**What the task requires:**
For this task, output exactly the lines of the material below starting at the line with "BRIT CARE CAT" and ending at the line with "Damen Hoodie Coole"; pictures are to be excluded.
** Supplied entries follows **
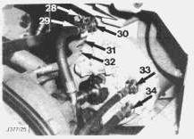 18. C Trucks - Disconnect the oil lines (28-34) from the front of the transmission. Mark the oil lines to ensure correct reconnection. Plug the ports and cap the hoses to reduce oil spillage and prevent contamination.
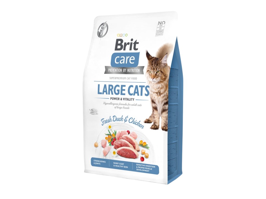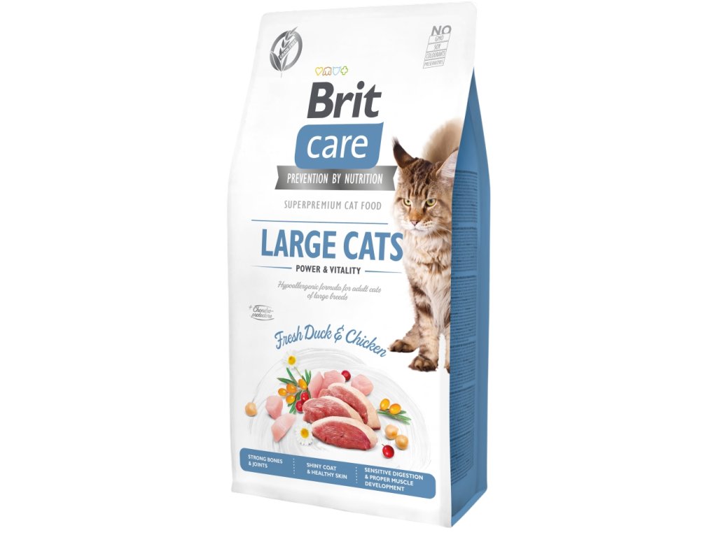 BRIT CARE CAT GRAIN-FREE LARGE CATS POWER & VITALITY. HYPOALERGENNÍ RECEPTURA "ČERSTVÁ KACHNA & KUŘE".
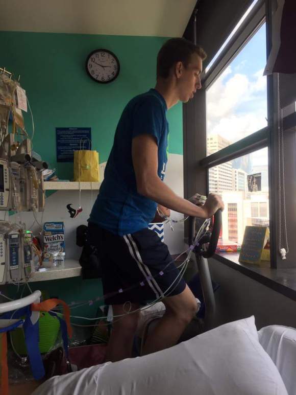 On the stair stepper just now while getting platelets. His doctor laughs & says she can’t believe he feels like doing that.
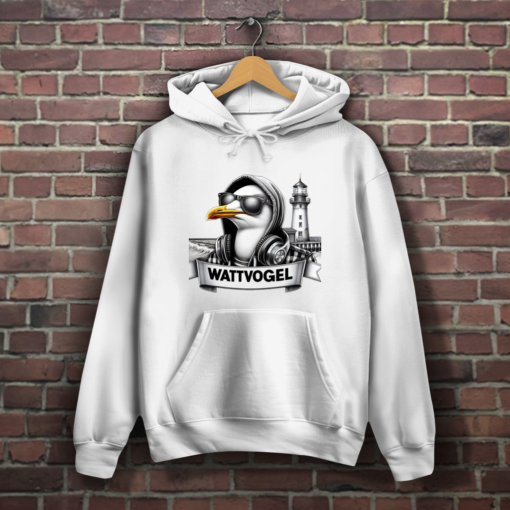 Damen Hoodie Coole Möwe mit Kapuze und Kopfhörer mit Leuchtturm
** End of Supplied entries **
** Supplied entries follows **
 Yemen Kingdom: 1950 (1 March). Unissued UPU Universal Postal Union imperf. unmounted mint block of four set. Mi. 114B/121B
** End of Supplied entries **
**Expected answer:**
 BRIT CARE CAT GRAIN-FREE LARGE CATS POWER & VITALITY. HYPOALERGENNÍ RECEPTURA "ČERSTVÁ KACHNA & KUŘE".
 On the stair stepper just now while getting platelets. His doctor laughs & says she can’t believe he feels like doing that.
 Damen Hoodie Coole Möwe mit Kapuze und Kopfhörer mit Leuchtturm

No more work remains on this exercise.